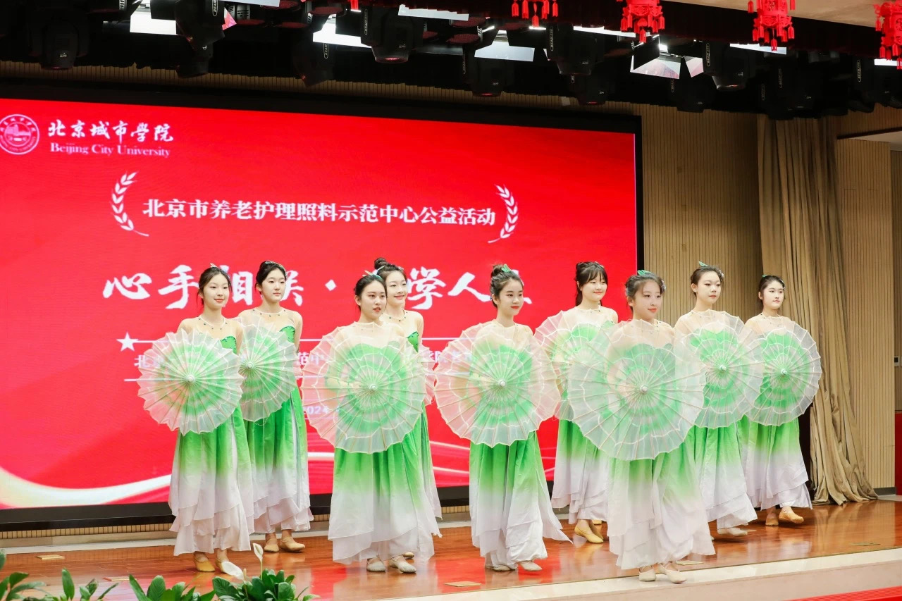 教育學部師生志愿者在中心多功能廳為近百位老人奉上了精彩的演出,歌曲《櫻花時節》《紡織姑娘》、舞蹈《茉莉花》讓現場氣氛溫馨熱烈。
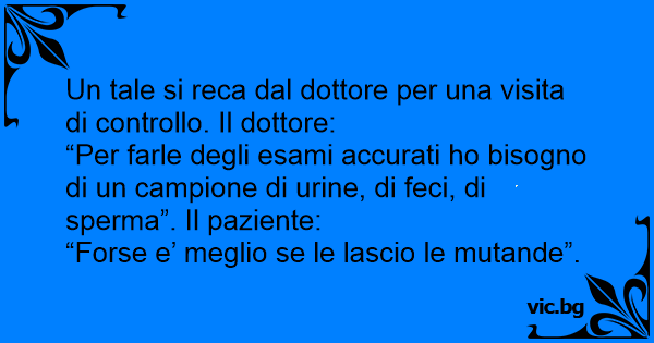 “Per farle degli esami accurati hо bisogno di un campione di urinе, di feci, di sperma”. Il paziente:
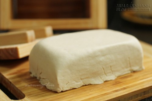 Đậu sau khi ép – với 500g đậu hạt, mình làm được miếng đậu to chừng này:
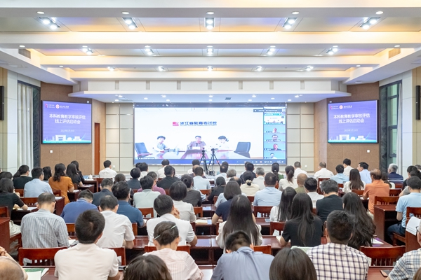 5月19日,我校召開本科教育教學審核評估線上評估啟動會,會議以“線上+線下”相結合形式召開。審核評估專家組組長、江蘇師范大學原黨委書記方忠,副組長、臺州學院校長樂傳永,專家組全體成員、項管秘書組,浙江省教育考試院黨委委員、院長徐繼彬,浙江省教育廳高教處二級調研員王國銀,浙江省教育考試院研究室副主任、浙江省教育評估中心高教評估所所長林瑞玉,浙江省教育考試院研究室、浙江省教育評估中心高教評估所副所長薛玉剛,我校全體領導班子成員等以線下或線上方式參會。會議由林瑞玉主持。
==
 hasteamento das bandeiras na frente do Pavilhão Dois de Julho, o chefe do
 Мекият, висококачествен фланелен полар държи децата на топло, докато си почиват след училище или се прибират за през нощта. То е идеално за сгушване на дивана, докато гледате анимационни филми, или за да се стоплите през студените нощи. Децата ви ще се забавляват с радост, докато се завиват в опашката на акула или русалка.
==
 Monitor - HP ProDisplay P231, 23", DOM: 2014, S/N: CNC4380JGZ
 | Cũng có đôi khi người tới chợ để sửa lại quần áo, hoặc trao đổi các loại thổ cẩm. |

**Description of the task**
Among the lines above, the one with "教育學部師生志愿者在中心多功" opens the part to repeat and the one with "Đậu sau khi" closes it; repeat only that part exactly, with no pictures.

**Task answer**
 教育學部師生志愿者在中心多功能廳為近百位老人奉上了精彩的演出,歌曲《櫻花時節》《紡織姑娘》、舞蹈《茉莉花》讓現場氣氛溫馨熱烈。
 “Per farle degli esami accurati hо bisogno di un campione di urinе, di feci, di sperma”. Il paziente:
 Đậu sau khi ép – với 500g đậu hạt, mình làm được miếng đậu to chừng này:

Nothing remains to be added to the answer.